THE JAMS - WHO KILLED THE JAMS? @ 35

Released 35 years ago today, on February 8th, 1988, it’s The JAMs (Justified Ancients of Mu Mu) and their sophomore and final LP, Who Killed the JAMs?. Not that Jimmy Cauty and Bill Drummond stopped recording, but they’d go forward predominantly as The KLF after a short stint as The Timelords for their Doctorin' The Tardis hit single.

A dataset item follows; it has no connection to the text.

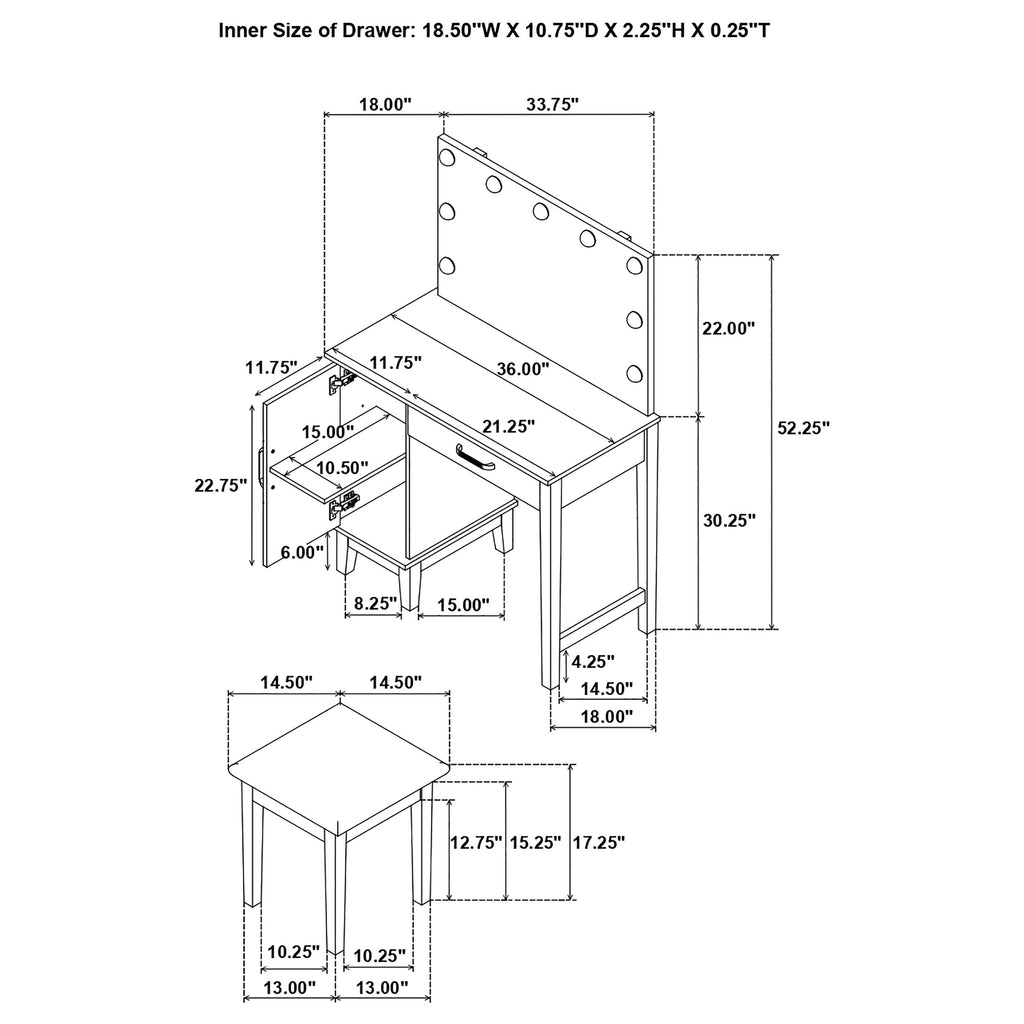 This contemporary vanity set blends practicality with modern elegance. The bright white finish and sleek silhouette highlight a Hollywood-inspired mirror surrounded by nine LED bulbs, providing the perfect light for daily routines. A single drawer and side cabinet offer organized storage for cosmetics and accessories, while the cushioned dark grey stool ensures comfort during use. Crafted from engineered wood with solid wood legs, this vanity set delivers both function and timeless sophistication to any bedroom. Key Features: • Modern vanity set in bright white finish with LED lighting for Hollywood-style flair • Nine built-in LED bulbs provide perfect illumination for daily beauty routines • Includes a single drawer and side cabinet for organized accessory storage • Cushioned dark grey stool adds comfort and contrast to the vanity’s design • Crafted from engineered wood with solid wood legs for lasting stability • Ideal for bedrooms or dressing areas with a clean, contemporary aesthetic
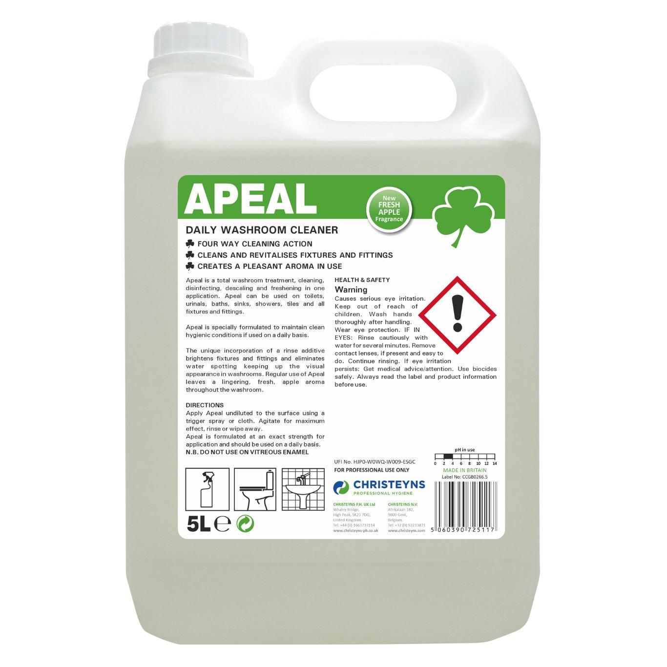 APEAL DAILY WASHROOM CLEANER is a ready to use toilet and washroom cleaner which creates a pleasant apple aroma as it cleans, descales, deodorises and disinfects.

After forming The JAMs to kick off 1987, their debut LP, 1987 (What the Fuck Is Going On?) literally went up in flames, with all unsold copies roasted in a bonfire after losing a copyright complaint from ABBA and the Mechanical-Copyright Protection Society, who ordered all remaining copies of the album destroyed. After toying with the media by musing about their second album being a heavy metal cover of Deep Purple songs, in the end, the real album followed many of the same paths as the first one, taking samples from popular hits and reworking them into new pieces with drum machines, synths and vocal choruses added. This time around, however, the samples were a bit more stealthily handled in order to avoid legal issues. The cover of the LP shows photos of the burning of the first album with the front long shot showing Jimmy & Bill with the car that would become known as Ford Timelord, who would be credited with composing Doctrorin’ the Tardis. The back cover image is a closeup of the pile of burning LPs.

Though it was not formally announced at the time, the music press, based on the album title and some cryptic comments from the group, assumed this was the swansong for the JAMs and, in a sense, they were correct, though the group would issue the album Shag Times to collect together a number of singles from the era. Upon its release, Who Killed the JAMs? was met with generally favorable critical responses. Melody Maker declared it to be "divine nihilism", "an outward show of self-deception, irrationality and bankruptcy that worries and rejoices itself to death". Sounds thought the album "a masterpiece of pathos", referring to its "hopeless bravado in the face of massed corporate opposition", and awarded the maximum five stars. While the duo were still refining their methodologies and mythologies, the album definitely contains seeds of what they were trying to grow, with themes and hooks that would continue to resurface throughout the KLF's career in the early 1990s. Since its initial release, however, it has never been reissued except in a very limited CDr unofficial edition of a couple of hundred copies.